童年是个五音不全的幸福灿烂的节拍,那一闪而过的旋律中带着滑稽的荒腔走板,童年的咱家是淘气的咱家,爱幻想好模仿,总是不厌其烦的对着杨柳树演着李连杰和杨七郎,父母兄长看在眼里,忍俊不禁的笑在心里。
记得有一年春节,母亲打发哥哥去转远在会宁乔家岔的姨娘。由于路途遥远加上山大沟深沿途有些不见人家的偏僻路径,母亲不放心,要我陪哥哥去,我不想去,母亲就给哥哥偷偷地使眼色,然后哥哥就说他害怕沿途人家的狗咬,叫我给他打狗去。不知是什么心理在作怪我一听便精神为之一振,欣然答应了,仿佛自己一下子变成了会打猛虎的武二郎,提了梢棒要大踏步的迈向景阳冈。哥哥还没收拾停当,我便催着要走,好像前面就有个大黑狗卧在那里等着我为哥哥去开路,那是何等的荣耀和自豪,心里美的就像追匈奴到楼兰的霍去病,等到哥哥出门时我已扛着棍子远远的出了邹邹湾。
那是个家家养狗的年代,尽管人们生活都十分困难,可家家的狗好像都很肥大凶猛。
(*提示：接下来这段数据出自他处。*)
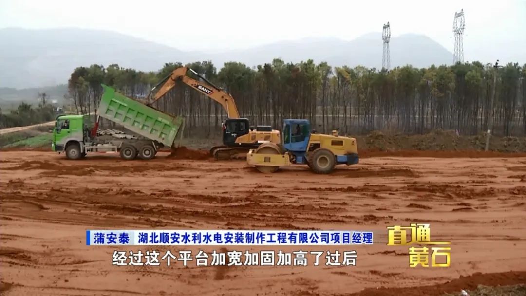 湖北顺安水利水电安装制作工程有限公司项目经理 蒲安泰:我们现在目前在施工的是我们一个内平台的土方填筑,机械的碾压、压实达到一定的密实度,保护堤身不受洪水的影响。
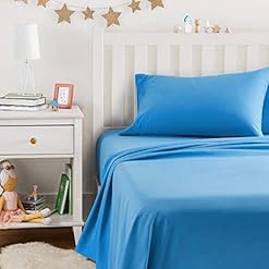 Amazon Basics Kid’s Sheet Set – Soft, Easy-Wash Lightweight Microfiber – Twin, Azure Blue

记得我和哥哥路过麻利山的一个庄子时,刚听到汪的一声狗咬就窜出了一条大黑狗,仿佛景阳冈上的吊睛白额大虫,目不旁骛的就直接朝我俩扑了过来,我早已吓得三魂出窍,双目散光,肩上的棍子不知什么时候被哥哥拿去挡在前面与狗撕杀,而我紧紧地跟在哥哥屁股后面就象学校里玩的老鹰抓小鸡的游戏一样,生怕那狗会绕过哥哥扑向我。
第一回看见那么凶猛的狗,第一回象折了阵的先行官一样暗淡无光,心里暗自庆幸哥哥临危不乱亲自征服了那条恶犬,才知道那跟不动的杨柳树根本就是两回事。
一直暗暗回味着那惊险的一幕,一直没想明白为什么哥哥那么勇敢却要我给他打狗去?
而今想起来常常会不由自主的笑出声来,我幼稚的童年,我一去不复返的童年,我尚武的杨柳树下的童年。